[Material for this exercise]:
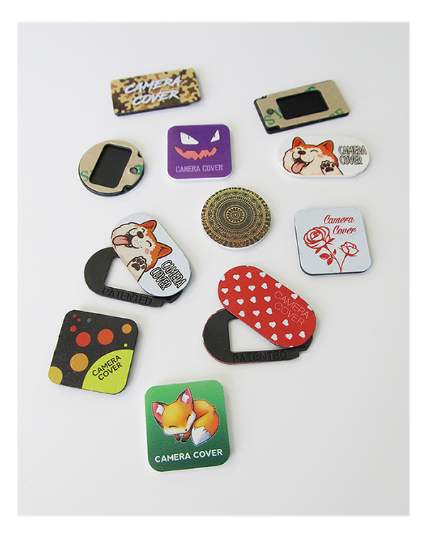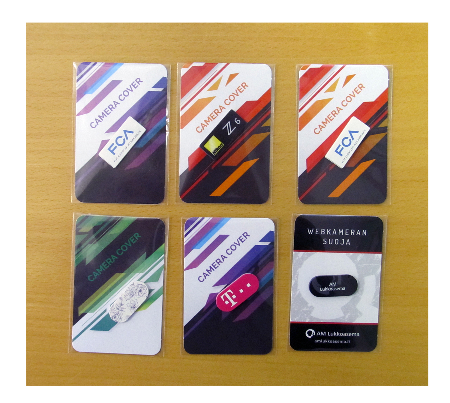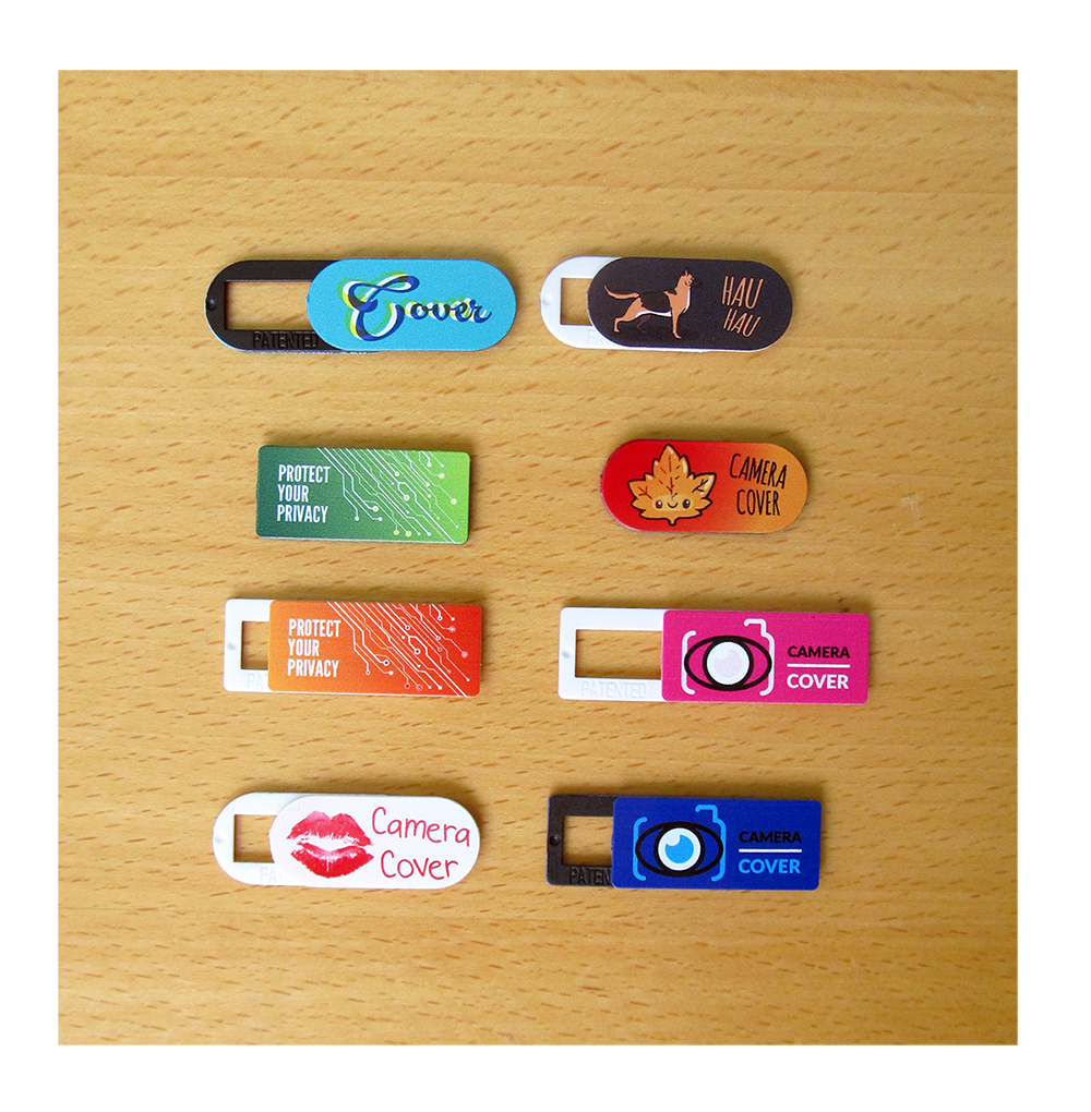 Bloker kamerki internetowej, wersje uchylne lub przesuwne, prostokąt, kwadrat, krążek, klej nie zostawiający śladów, wymiary 30 x 13 mm - laptop, oraz 17 x 8 / 25 x 10 mm - smartfon, nadruk w pełnym kolorze, cena dla 1000 szt. Pakowane w woreczek z kartonikiem - nadruk w pełnym kolorze.
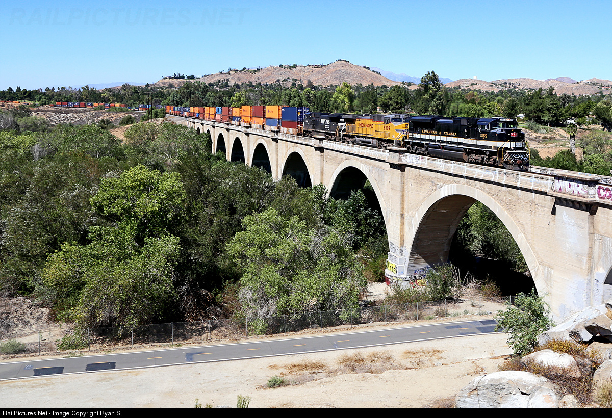 Completed in 1904 by the San Pedro, Los Angeles, and Salt Lake Railway the cement arch bridge spanning the Santa Ana River continues to serve the line's successor, Union Pacific, well over 100 years after first opening to commerce. On a sunny afternoon an eastbound stack train bound for interchange with the Norfolk Southern sails across the impressive 984' trestle near Riverside, CA. Leading the eastbound stacks is one of Norfolk Southern's 20 'heritage' painted locomotives, in this case NS SD70ACe 1065 wearing colors reminiscent of the Savanna & Atlanta Railroad.
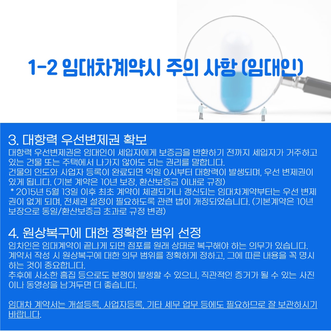 * 2015년 5월 13일 이후 최초 계약이 체결되거나 갱신되는 임대차계약부터는 우선 변제권이 없게 되며, 전세권 설정이 필요하도록 관련 법이 개정되었습니다. (기본계약은 10년 보장으로 동일/환산보증금 초과료 규정 변경)
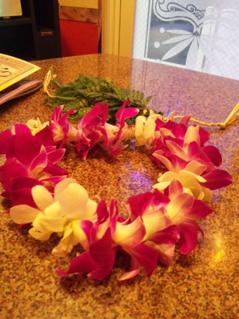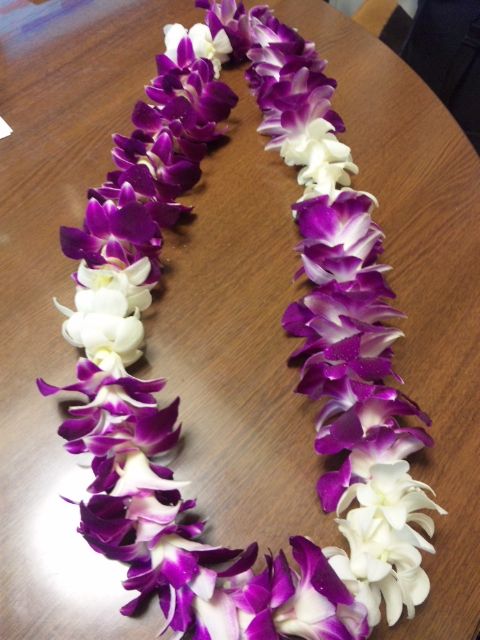 デンファレの花を合計110個も使ったレイとハク。
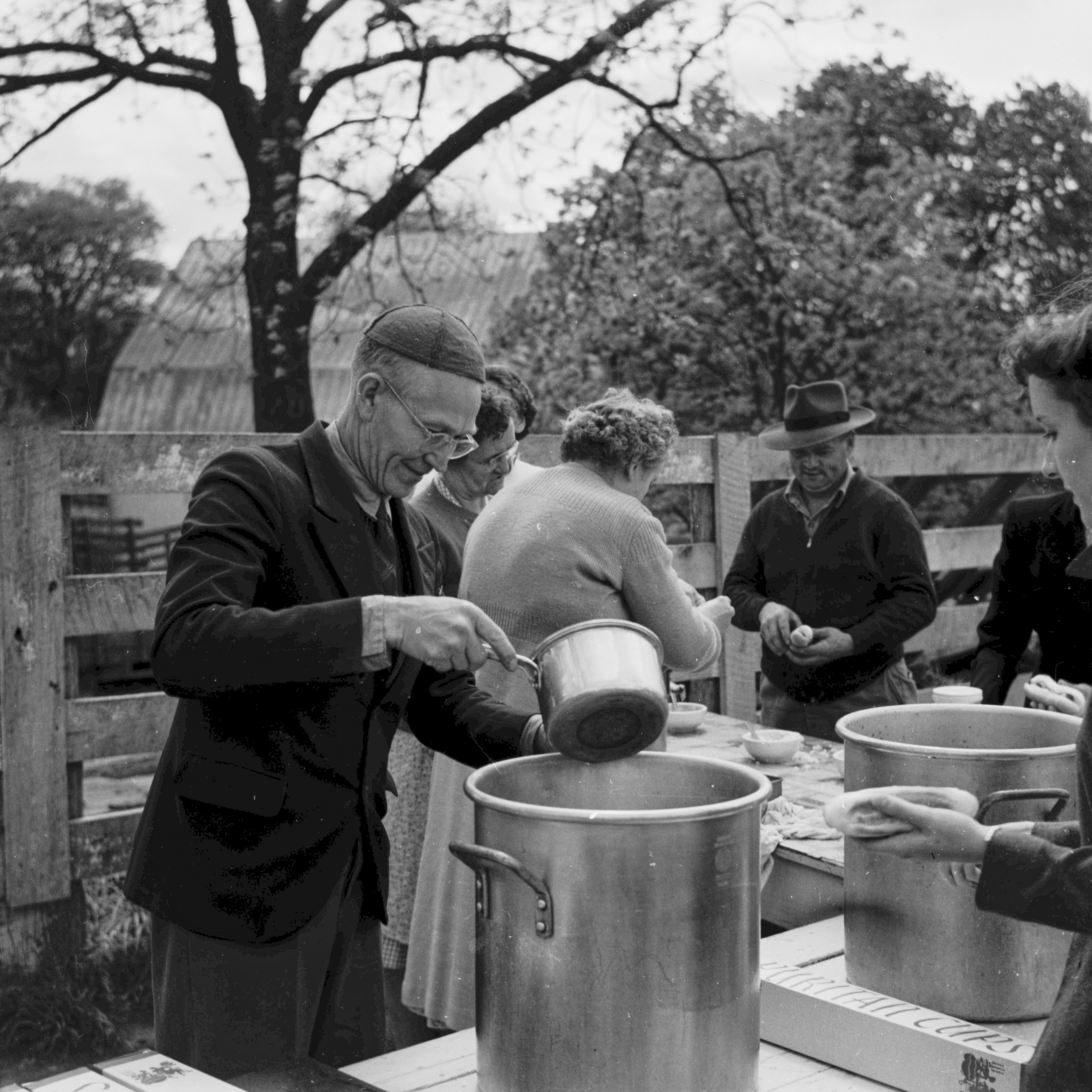 Photograph of Triplett School teacher, Roy Lutz, serving food at the Triplett School May Day celebration on May 13, 1952.
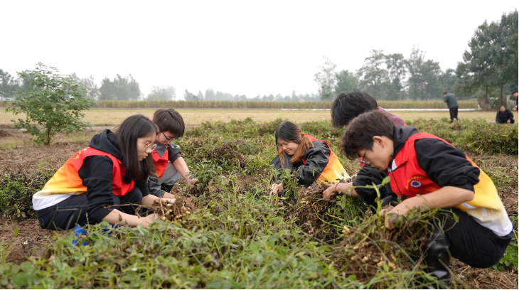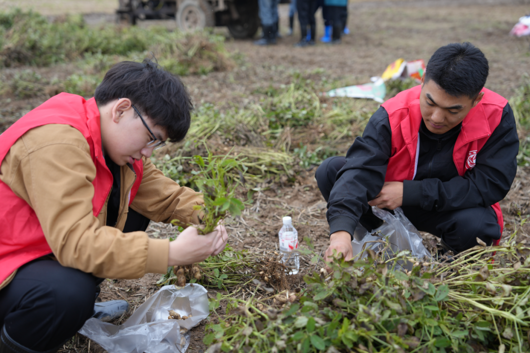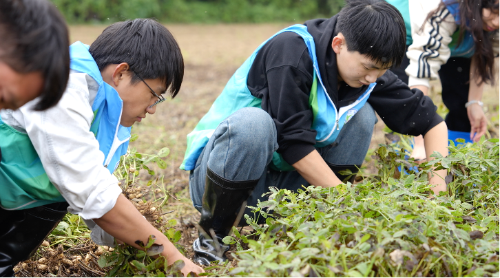 随后,在技术人员指导下,师生们迅速投入花生采收工作。大家穿上胶鞋、俯身田间,学习拔花生、抖土、分拣的技巧。尽管动作略显生疏,但每个人都认真投入,在劳动中切身感受“粒粒皆辛苦”的含义。
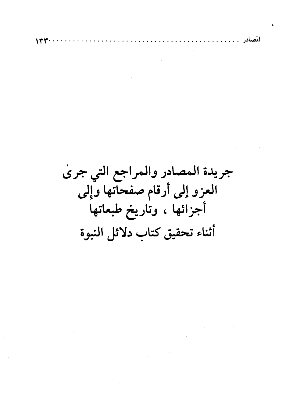 جريدة المصادر والمراجع التي جرى العزو إلى أرقام صفحاتها وإلى أجزائها، وتاريخ طبعاتها أثناء تحقيق كتاب دلائل النبوة
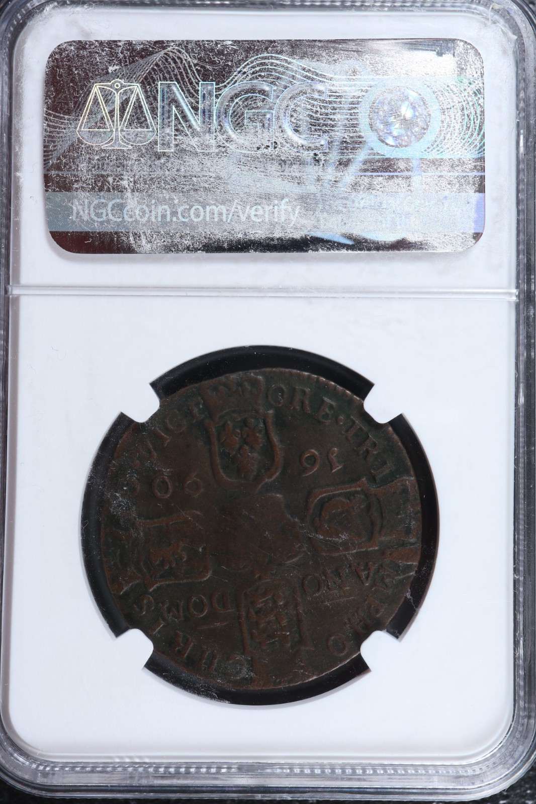 Graded by NGC VF details, burnished. Sticky back of slab a bit.
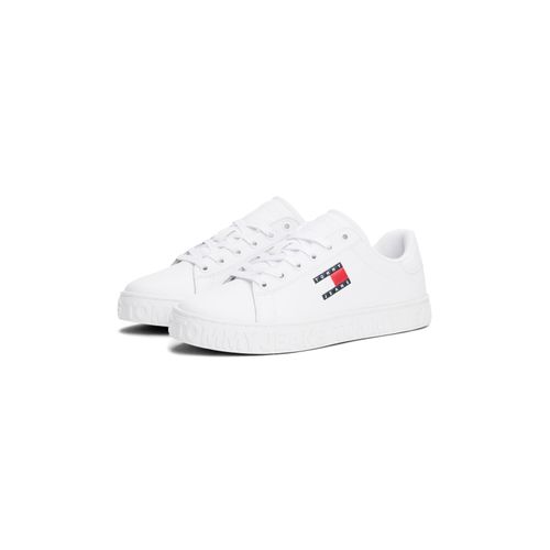 Tommy Jeans TJW LOGO OUTSOLE SNEAKER ESS Plateausneaker, Freizeitschuh, Halbschuh, Schnürschuh mit seitlicher Logoflagge (weiß)
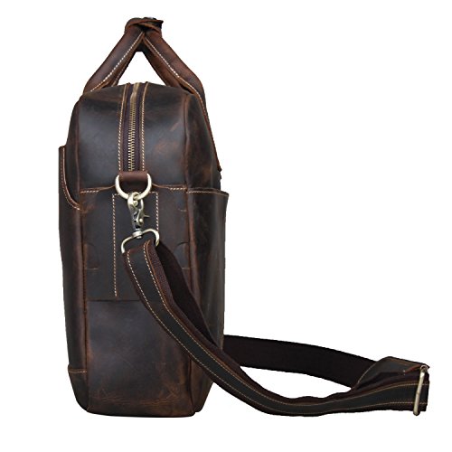 -. Feature : Material: High quality Crazy Horse leather, Retro and Trendy appearance / Dimension:11.8*16.9*4.3inch (L*H*W), Handle approx. 3 inches. / Easy to carry a 15.6 inch laptop in the LAPTOP SLEEVE, the main pocket can accommondate MOST 17 inch / Versatile and Durable for business, Soft Shoulder Strap and Handle for easy, comfortable transport.Pockets of various sizes for accessories / The distinguishing feature of crazy-horse leather is that leather may have wrinkles, scratches that are inherent characteristics . When you scrape it widely, the trace will be appeared .If the trace is not obvious, you can wipe it gently and then the trace will be less
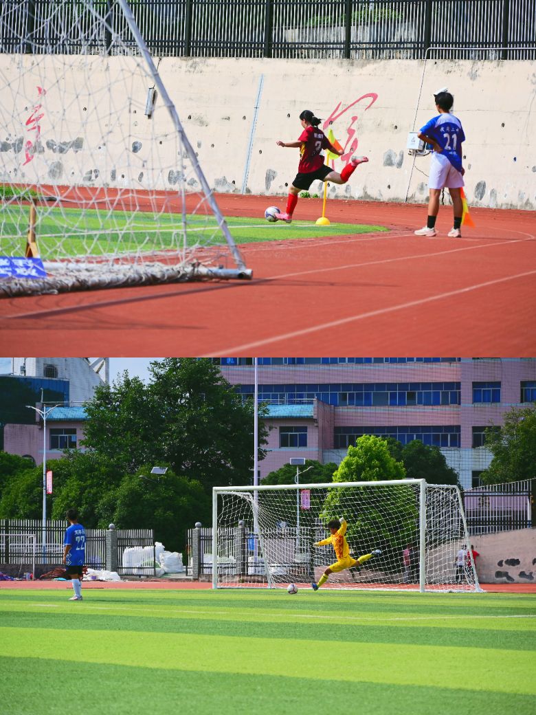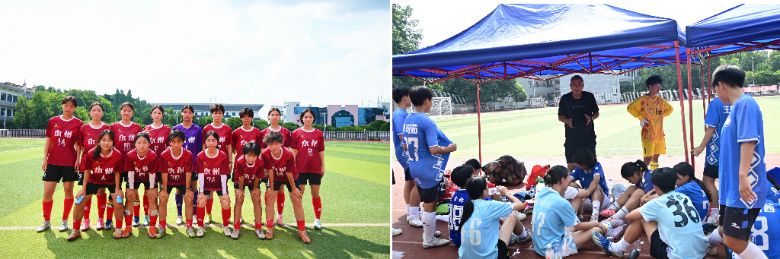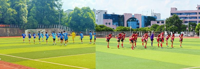 午后阳光洒满武冈二中的操场,湖南省女足友谊赛在此进行。绿茵场上,队员们完成传球、带球、射门等动作,球鞋接触草皮的声音与场边的助威声交织,红蓝两色球衣随奔跑移动。
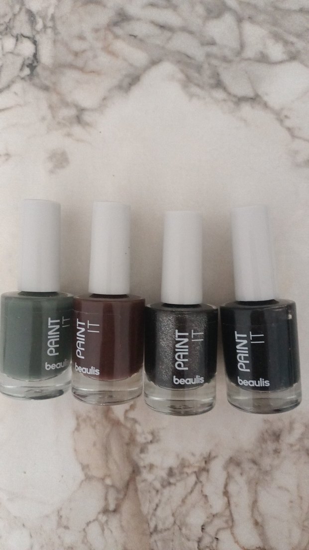 Beaulis marka koyu bej tonlarında, şık ve zarif bir görünüm sağlayan dörtlü oje seti.

[Exercise objective]: Leaving out the pictures, repeat all of the entries exactly.

[Task answer]:
 Bloker kamerki internetowej, wersje uchylne lub przesuwne, prostokąt, kwadrat, krążek, klej nie zostawiający śladów, wymiary 30 x 13 mm - laptop, oraz 17 x 8 / 25 x 10 mm - smartfon, nadruk w pełnym kolorze, cena dla 1000 szt. Pakowane w woreczek z kartonikiem - nadruk w pełnym kolorze.
 Completed in 1904 by the San Pedro, Los Angeles, and Salt Lake Railway the cement arch bridge spanning the Santa Ana River continues to serve the line's successor, Union Pacific, well over 100 years after first opening to commerce. On a sunny afternoon an eastbound stack train bound for interchange with the Norfolk Southern sails across the impressive 984' trestle near Riverside, CA. Leading the eastbound stacks is one of Norfolk Southern's 20 'heritage' painted locomotives, in this case NS SD70ACe 1065 wearing colors reminiscent of the Savanna & Atlanta Railroad.
 * 2015년 5월 13일 이후 최초 계약이 체결되거나 갱신되는 임대차계약부터는 우선 변제권이 없게 되며, 전세권 설정이 필요하도록 관련 법이 개정되었습니다. (기본계약은 10년 보장으로 동일/환산보증금 초과료 규정 변경)
 デンファレの花を合計110個も使ったレイとハク。
 Photograph of Triplett School teacher, Roy Lutz, serving food at the Triplett School May Day celebration on May 13, 1952.
 随后,在技术人员指导下,师生们迅速投入花生采收工作。大家穿上胶鞋、俯身田间,学习拔花生、抖土、分拣的技巧。尽管动作略显生疏,但每个人都认真投入,在劳动中切身感受“粒粒皆辛苦”的含义。
 جريدة المصادر والمراجع التي جرى العزو إلى أرقام صفحاتها وإلى أجزائها، وتاريخ طبعاتها أثناء تحقيق كتاب دلائل النبوة
 Graded by NGC VF details, burnished. Sticky back of slab a bit.
 Tommy Jeans TJW LOGO OUTSOLE SNEAKER ESS Plateausneaker, Freizeitschuh, Halbschuh, Schnürschuh mit seitlicher Logoflagge (weiß)
 -. Feature : Material: High quality Crazy Horse leather, Retro and Trendy appearance / Dimension:11.8*16.9*4.3inch (L*H*W), Handle approx. 3 inches. / Easy to carry a 15.6 inch laptop in the LAPTOP SLEEVE, the main pocket can accommondate MOST 17 inch / Versatile and Durable for business, Soft Shoulder Strap and Handle for easy, comfortable transport.Pockets of various sizes for accessories / The distinguishing feature of crazy-horse leather is that leather may have wrinkles, scratches that are inherent characteristics . When you scrape it widely, the trace will be appeared .If the trace is not obvious, you can wipe it gently and then the trace will be less
 午后阳光洒满武冈二中的操场,湖南省女足友谊赛在此进行。绿茵场上,队员们完成传球、带球、射门等动作,球鞋接触草皮的声音与场边的助威声交织,红蓝两色球衣随奔跑移动。
 Beaulis marka koyu bej tonlarında, şık ve zarif bir görünüm sağlayan dörtlü oje seti.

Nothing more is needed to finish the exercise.